The middle class, that broad group of people in contemporary society who fall socio-economically between the working class and upper class or in classical Marxian speak, located between the bourgeoisie/capitalist class and the proletariat, is so critical to the sustenance of democracy, good governance and economic development. It is, according to David Madland, “a prerequisite for robust entrepreneurship and innovation, a source of trust that makes business transactions more efficient, a bulwark against credit booms and busts, and a progenitor of virtuous, forward-looking behaviours, such as valuing education”.
The middle class not only supply the workforce and expertise needed to run the country’s bureaucracy and manage the economy, they also ensure the government is run most efficiently with adequate public investments in education, health and infrastructure and in accordance with societal and democratic norms. This benefits everyone in the society and not just special interests. Of course, good governance sets the stage for economic growth and development.
The middle class act to protect the democratic order because their economic fate is almost directly tied to the quality of governance. They depend on public services more than the rich and as Obama opined in 2011: “When middle-class families can no longer afford to buy the goods and services that businesses are selling, it drags down the entire economy from top to bottom.”
However, evidence from Nigeria and other depraved societies suggest that the middle class are their own greatest enemies, often preferring personal emancipation than societal progress. The Nigerian middle class has been the greatest supporters and enablers of the status quo no matter how terrible that status quo is. Being part of the exploited class but with professional knowledge or privileged positions in the civil service, they often offer their services and knowledge to the exploiters for hire. Consequently, they have become the greatest advocates of the ruling class, the greatest defenders of Nigeria’s politics of plunder, neopatrimonialism and prebandalism. Being part of the exploited class themselves, they often speak the language of the downtrodden until they are noticed and called to the service of the ruling class where they have proved especially useful in fashioning strategies to further the exploitation of the downtrodden.

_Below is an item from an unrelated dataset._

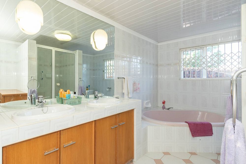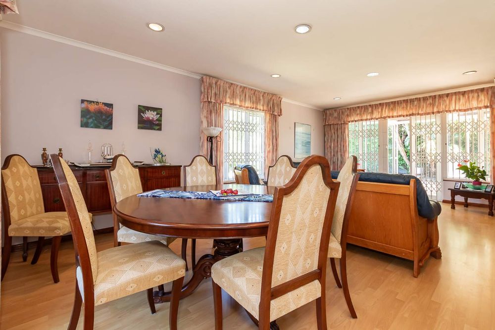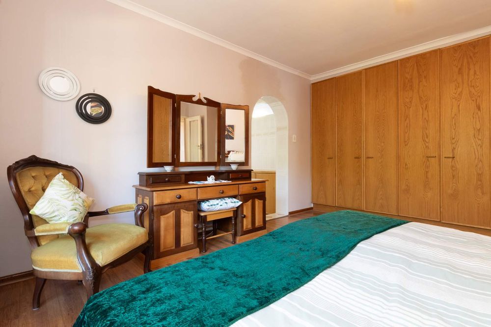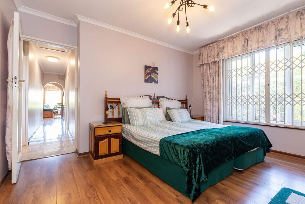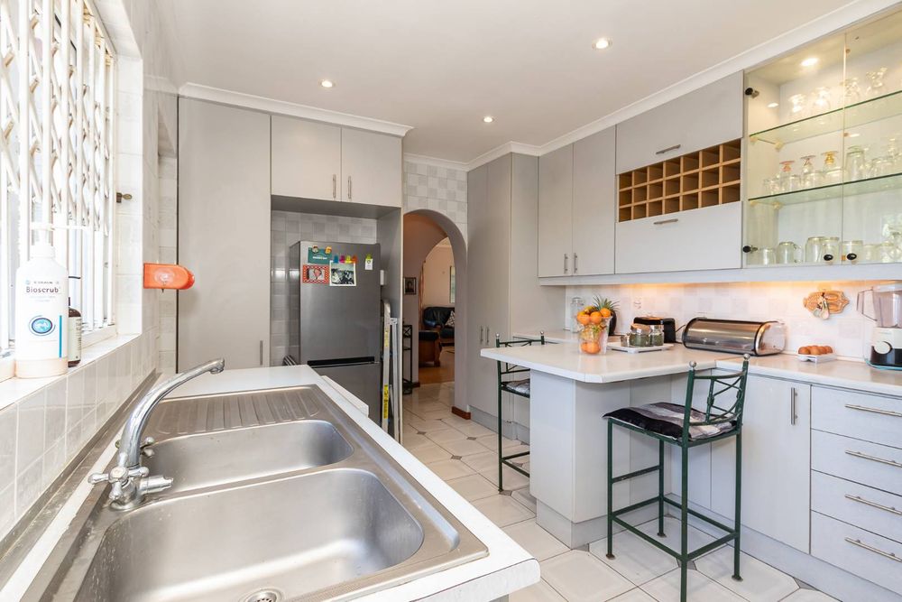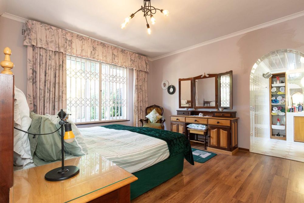 Outdoors, you’ll enjoy a sparkling pool and mature hedges that provide excellent privacy for summer relaxation. The double garage offers exciting potential for conversion into a flatlet, especially convenient given the additional covered carport space and a separate storeroom.

In Nigeria, the moment they had the chance, they wasted no time in cajoling naive military boys in their 20s and early 30s into a full blown civil war that consumed millions of lives when all that was at stake was the egos of the military boys. So comfortable were they with the military boys that after the war, the intellectual wing began to advocate for a diarchy – a form of government where both the military and civilians rule – as the best system for Nigeria. Not done, they recommended the rejection of the more collegiate parliamentary system of government bequeathed to Nigeria at independence and the adoption of a more dictatorial presidential system because, as they claim, sharing power between a president and a prime minister was not feasible in Africa. But they also forgot that investing so much power in the president in a system with very weak institutions of restraints is tantamount to creating a dictatorship. But how do they care; the “49 wise men”, as they were called, argued that in anyway, they presidential system they recommended was more compatible with African indigenous kingship/chieftaincy traditions.
Of course, they are quick to connive or offer their services to military boys to truncate the nation’s democracy, and immediately after such coups, they rush to legitimise the regimes, offering their services and expertise in entrenching the regimes. Their services do not go unrewarded. They are generously rewarded or they help themselves to the public till generously and quite a number of them have successfully transited from the middle to the upper class.